Bahrain’s national carrier maintains it will eliminate losses from its balance sheet within five years as part of an ambitious expansion plan to rebuild the company after several years in the red.
The previous break-even target of 2010 has been abandoned, with the airline targeting annual growth in capacity of 8-10 per cent going forward (MEED 6:6:08).
An internal memo leaked to the local press in early August suggested the airline was facing a $1bn loss over two years, with long-standing operational problems compounded by rising fuel costs.
This would mean daily losses were double those conceded by chief executive officer Bjorn Naf in June this year, which he said stood at around $600,000 a day. At that level the total loses over two years would be around $440m.
Gulf Air has rejected the memo as inaccurate and out-of-date, reflecting only a possible scenario if the market does not pull out of its downturn and the company’s restructuring and expansion efforts backfire.
“I think this memo is an absolute worst-case scenario,” says a company official. “Bjorn [Naf] has said he expects to break even within five years, which would take us through to 2013.”

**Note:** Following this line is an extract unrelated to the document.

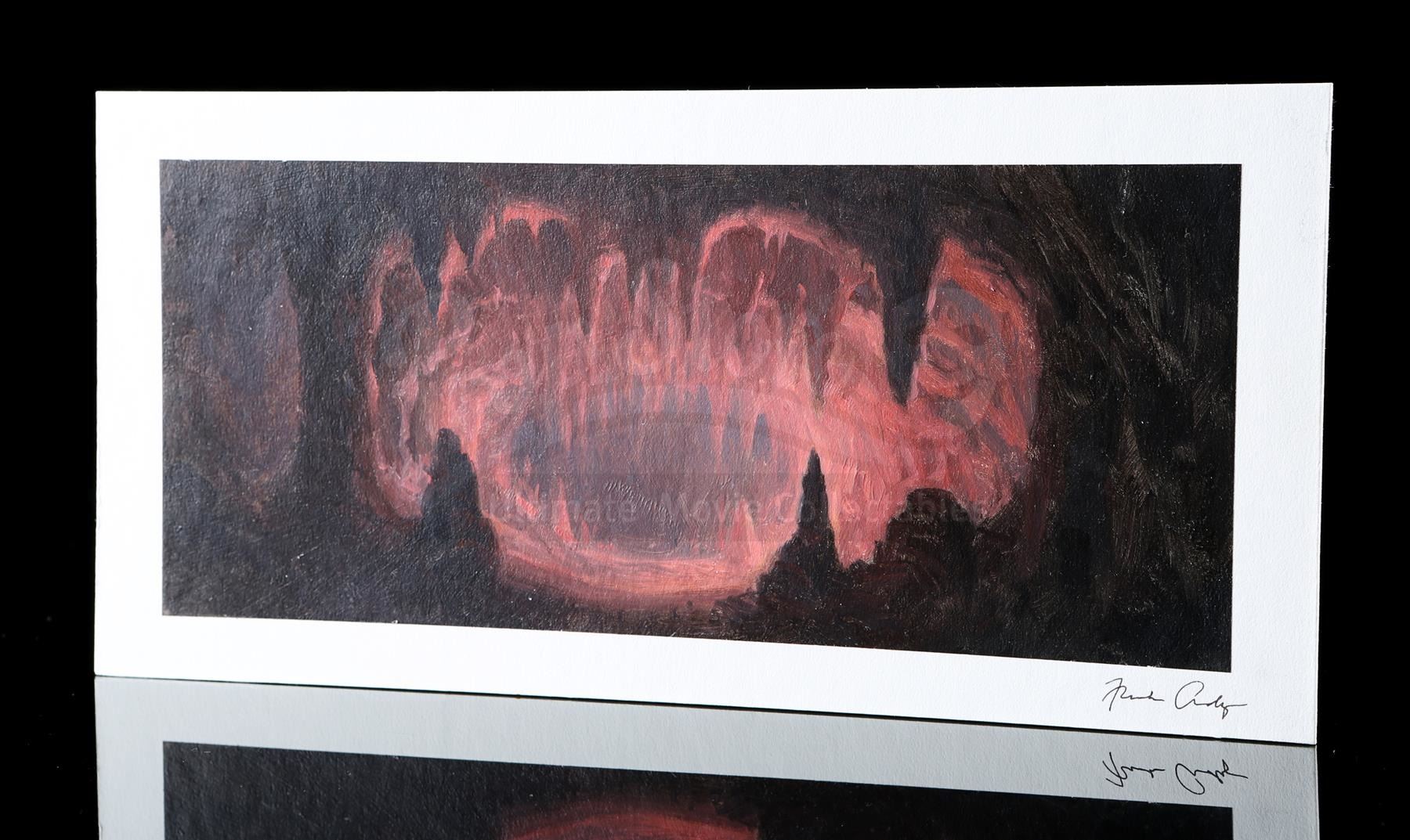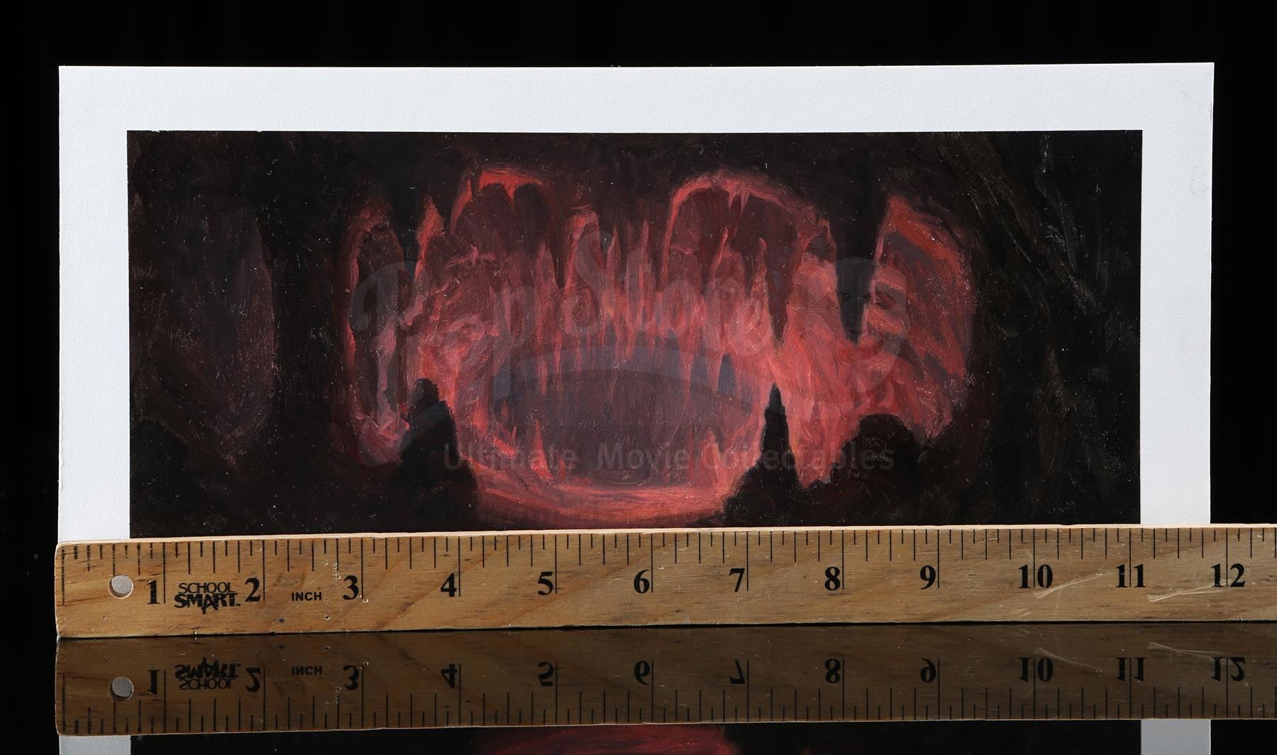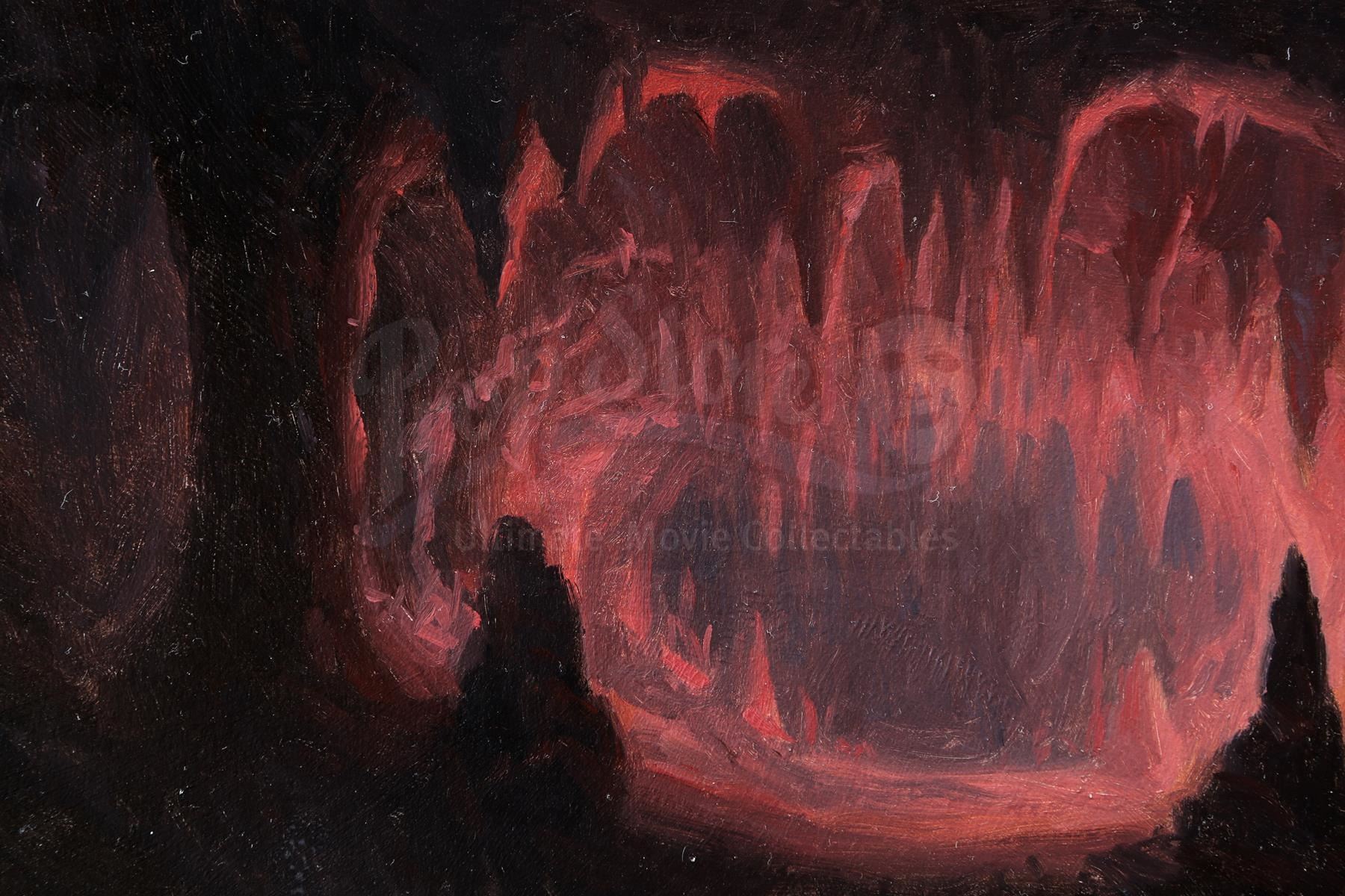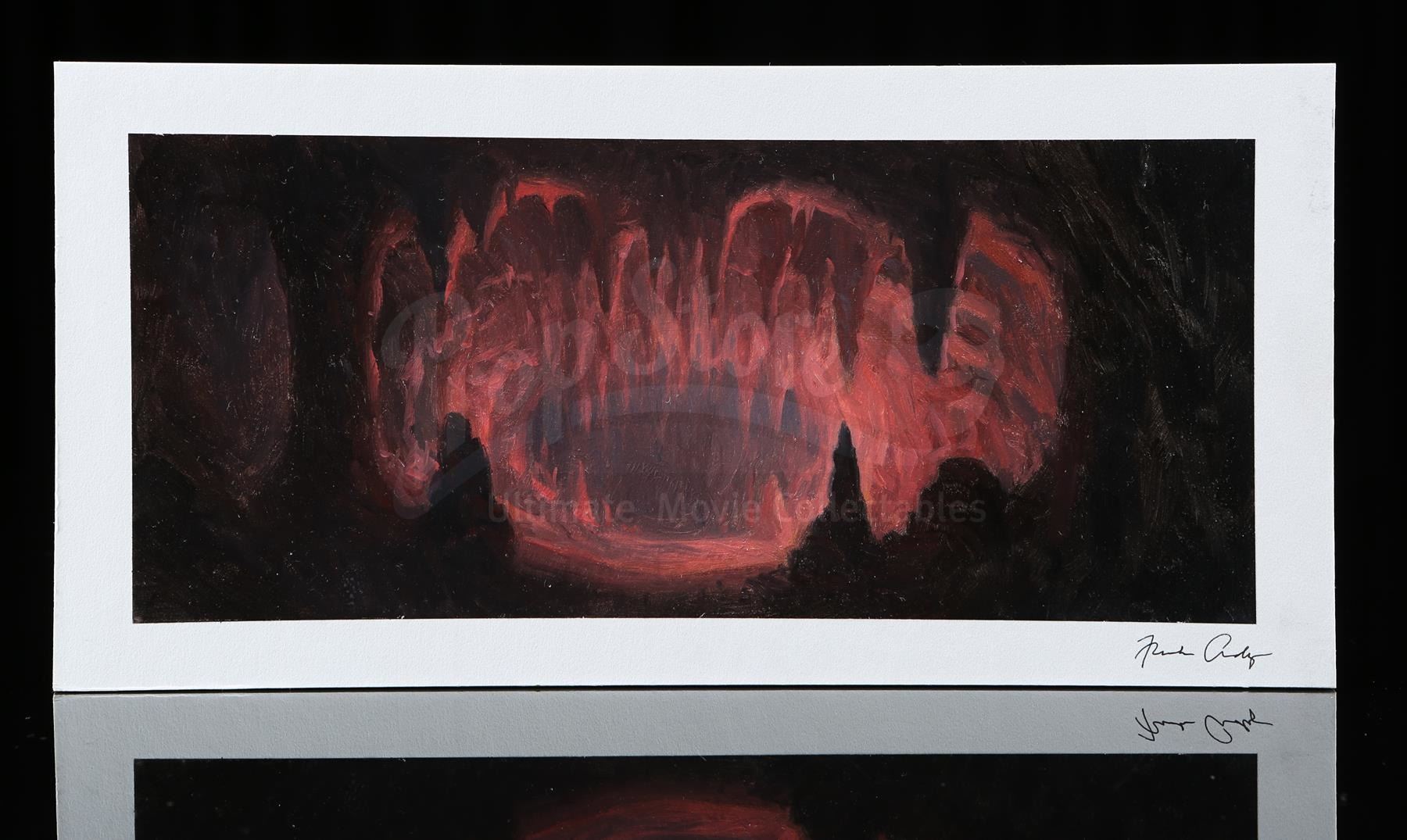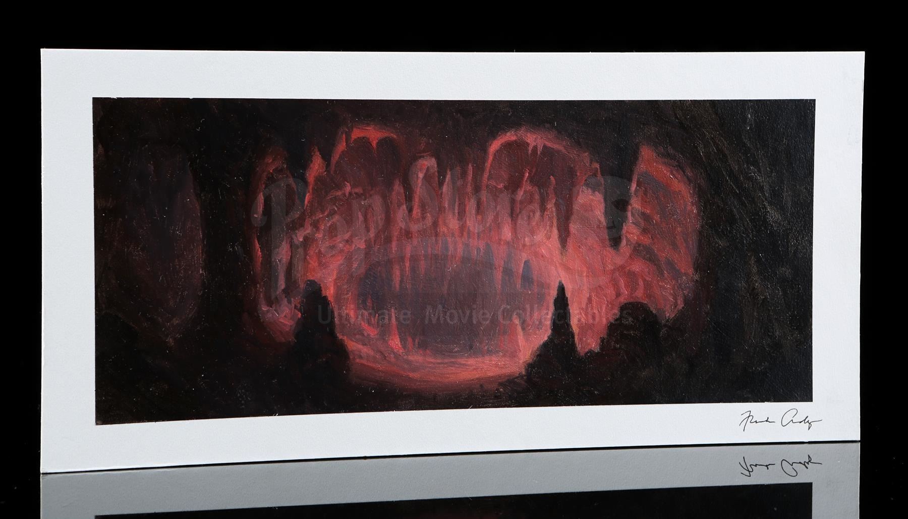 A hand-painted Frank Ordaz cave matte study from Steven Spielberg's action-adventure sequel Indiana Jones and the Temple of Doom. Explorer and archaeologist Indiana Jones (Harrison Ford) discovered Mola Ram's (Amrish Puri) cave in the catacombs beneath Pankot Palace while seeking to retrieve the fabled Sankara stones.

Financial information has been a closely-guarded secret at Gulf Air since Naf’’s predecessor, Andre Dose, revealed the company was haemorrhaging $1m a day in Paril last year. Those losses have since been reduced by around a third.
However Naf conceded to MEED in June that the company’s fuel bill, which now accounts for some 35 per cent of total costs, had offset efforts to cut its losses further.